Marrite (mar'-ite) is a mineral with the chemical formula PbAgAsS_{3}. It is the arsenic equivalent of freieslebenite (PbAgSbS_{3}), but also displays close polyhedral characteristics with sicherite and diaphorite. Marrite was first described in 1905, and was named in honor of geologist John Edward Marr (1857–1933) of Cambridge, England.

==Crystal habit==
Marrite is part of the monoclinic crystal class, and ^{2}⁄_{m} point group. The symmetry reveals that this mineral is composed of 3 axes of unequal lengths. Two of the axes are perpendicular at 90 degrees, while one axis intersects at an angle less than 90 degrees. Crystal habit includes striated, meaning it forms parallel lines along crystal faces; or tabular, meaning that structure dimensions are thin in 1 direction.

==Optical mineralogy==
Under a microscope, marrite has a distinct anisotropic refractive index, meaning the velocity of light varies depending on the direction being traveled through the mineral. It is typical of anisotropic minerals to display colorful, optical properties when viewed under cross polarized light.

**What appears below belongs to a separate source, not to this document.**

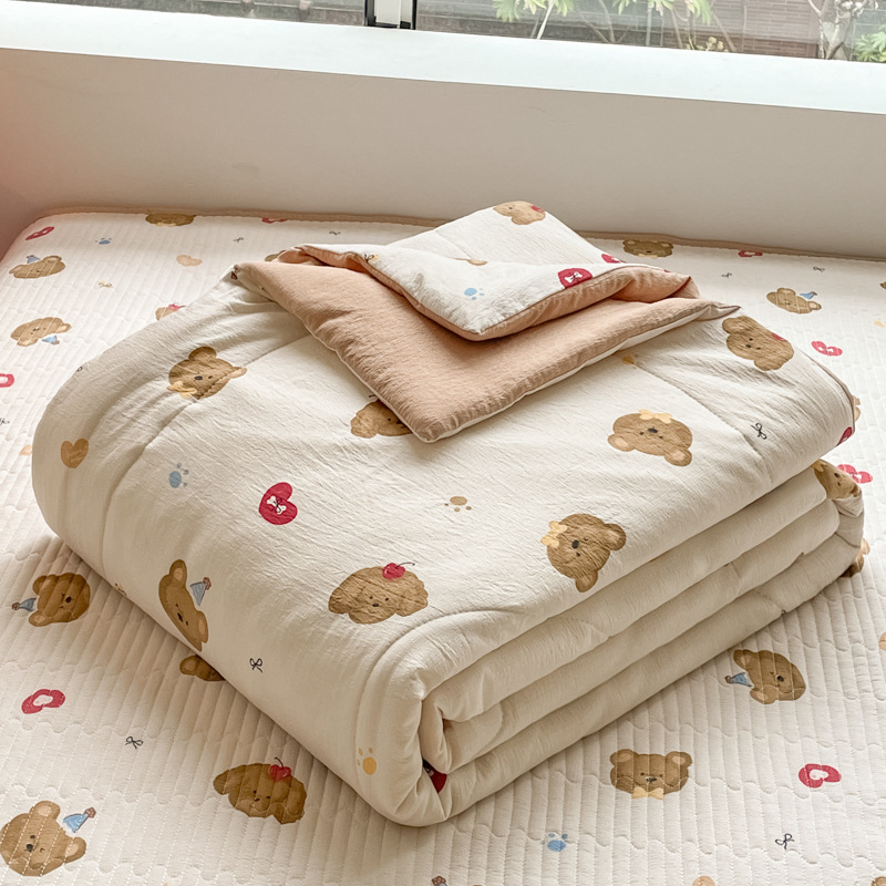 더블 레이어 원사 항균 여름 이불 에어컨 이불 여름 2025 새로운 기계 세탁 가능한 여름 이불 4 피스 세트스토어 가기

This differs from its vague gray color when viewed in plane polarized light, which is the reason optical mineralogy is essential for correctly identifying similar minerals. Marrite belongs to the biaxial optical class, which signifies that it has two optic axes. An optic axis is the direction of light that travels at 0 birefringence, causing the mineral to appear isotropic. When viewing the indicatrix of biaxial minerals, both optic axes are always perpendicular to one of the two circular sections.

==Occurrence==
The only known occurrence of Marrite is the type locality of the Lengenbach quarry in Binntal, Valais, Switzerland. It is primarily formed because of hydrothermal activity, which involves water and high temperatures. Marrite is predominantly found in dolomite along with a variety of other sulfosalts.